▶ **TASK INSTRUCTIONS**
The answer should be an exact repeat of the stretch of material below from the line containing "(3)無二次揚塵。采用純吸式" through the line containing "Externally, the rear".

▶ **MATERIAL SHOWN**
------------------------------------------------------------
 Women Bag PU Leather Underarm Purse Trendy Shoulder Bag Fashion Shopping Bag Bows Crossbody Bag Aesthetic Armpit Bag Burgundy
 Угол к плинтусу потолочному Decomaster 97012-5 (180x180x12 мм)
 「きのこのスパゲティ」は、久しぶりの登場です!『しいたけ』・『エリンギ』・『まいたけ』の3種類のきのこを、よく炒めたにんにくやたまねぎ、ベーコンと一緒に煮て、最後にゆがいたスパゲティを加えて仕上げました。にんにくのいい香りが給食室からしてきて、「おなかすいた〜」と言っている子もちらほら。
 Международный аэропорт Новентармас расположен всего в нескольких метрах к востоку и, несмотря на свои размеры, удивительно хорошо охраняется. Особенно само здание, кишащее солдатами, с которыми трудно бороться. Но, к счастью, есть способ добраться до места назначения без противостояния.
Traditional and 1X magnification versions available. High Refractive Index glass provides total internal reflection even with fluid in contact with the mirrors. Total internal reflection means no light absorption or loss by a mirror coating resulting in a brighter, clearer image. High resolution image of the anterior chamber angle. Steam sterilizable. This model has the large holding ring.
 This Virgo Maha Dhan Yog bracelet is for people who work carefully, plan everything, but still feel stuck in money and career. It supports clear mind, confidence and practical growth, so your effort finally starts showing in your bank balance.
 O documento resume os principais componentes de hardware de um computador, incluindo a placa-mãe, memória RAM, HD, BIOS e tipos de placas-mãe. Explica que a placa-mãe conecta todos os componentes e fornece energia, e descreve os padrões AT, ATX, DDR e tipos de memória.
------------------------------------------------------------
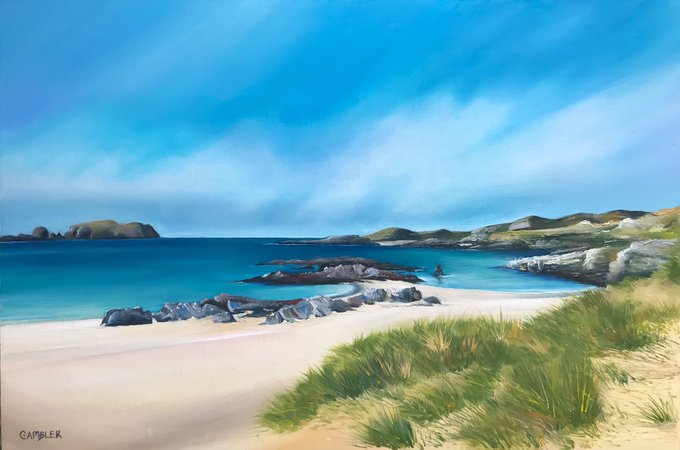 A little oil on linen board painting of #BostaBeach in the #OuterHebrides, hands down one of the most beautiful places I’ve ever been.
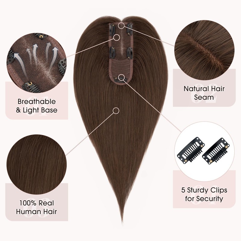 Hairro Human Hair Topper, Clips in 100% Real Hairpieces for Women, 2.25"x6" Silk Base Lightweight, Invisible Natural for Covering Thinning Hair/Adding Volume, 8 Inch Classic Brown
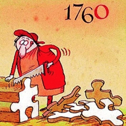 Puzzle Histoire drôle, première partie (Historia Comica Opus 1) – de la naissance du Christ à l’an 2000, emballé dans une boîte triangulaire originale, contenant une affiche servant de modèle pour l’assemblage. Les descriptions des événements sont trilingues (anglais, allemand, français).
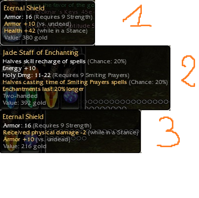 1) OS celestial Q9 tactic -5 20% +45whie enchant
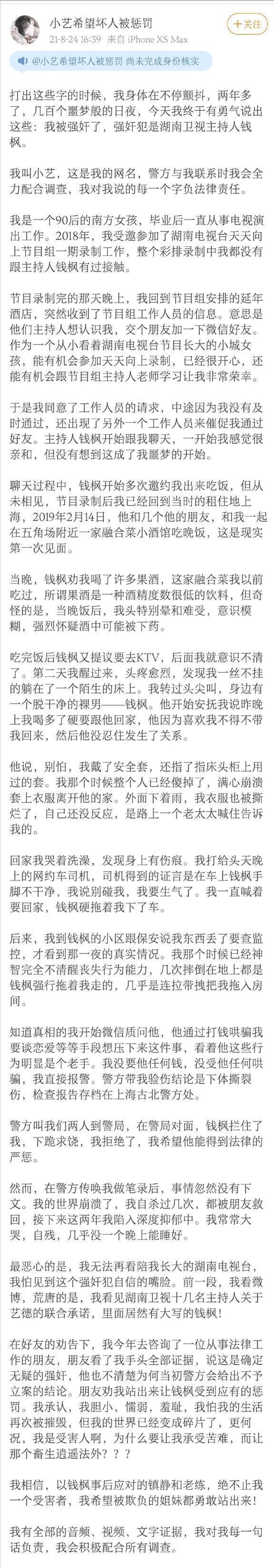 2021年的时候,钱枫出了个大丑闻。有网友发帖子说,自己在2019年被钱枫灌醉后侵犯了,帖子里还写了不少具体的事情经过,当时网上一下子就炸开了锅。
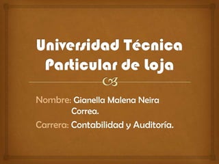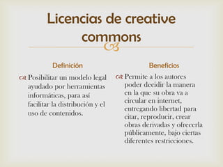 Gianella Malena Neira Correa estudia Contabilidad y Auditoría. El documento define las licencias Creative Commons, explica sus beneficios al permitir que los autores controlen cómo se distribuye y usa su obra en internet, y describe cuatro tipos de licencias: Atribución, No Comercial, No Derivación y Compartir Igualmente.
------------------------------------------------------------
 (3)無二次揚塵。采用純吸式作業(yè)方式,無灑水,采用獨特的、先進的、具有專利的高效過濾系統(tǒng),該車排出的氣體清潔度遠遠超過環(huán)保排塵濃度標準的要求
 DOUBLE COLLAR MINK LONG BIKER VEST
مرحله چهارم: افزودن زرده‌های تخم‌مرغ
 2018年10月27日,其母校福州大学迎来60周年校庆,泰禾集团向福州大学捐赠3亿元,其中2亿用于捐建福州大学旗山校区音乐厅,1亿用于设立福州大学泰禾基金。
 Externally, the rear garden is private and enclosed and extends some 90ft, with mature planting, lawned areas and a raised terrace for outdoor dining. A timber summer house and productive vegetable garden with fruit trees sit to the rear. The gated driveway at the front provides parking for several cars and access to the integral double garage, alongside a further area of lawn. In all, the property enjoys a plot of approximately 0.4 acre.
------------------------------------------------------------
▶ **RESPONSE TO THIS TASK**
 (3)無二次揚塵。采用純吸式作業(yè)方式,無灑水,采用獨特的、先進的、具有專利的高效過濾系統(tǒng),該車排出的氣體清潔度遠遠超過環(huán)保排塵濃度標準的要求
 DOUBLE COLLAR MINK LONG BIKER VEST
مرحله چهارم: افزودن زرده‌های تخم‌مرغ
 2018年10月27日,其母校福州大学迎来60周年校庆,泰禾集团向福州大学捐赠3亿元,其中2亿用于捐建福州大学旗山校区音乐厅,1亿用于设立福州大学泰禾基金。
 Externally, the rear garden is private and enclosed and extends some 90ft, with mature planting, lawned areas and a raised terrace for outdoor dining. A timber summer house and productive vegetable garden with fruit trees sit to the rear. The gated driveway at the front provides parking for several cars and access to the integral double garage, alongside a further area of lawn. In all, the property enjoys a plot of approximately 0.4 acre.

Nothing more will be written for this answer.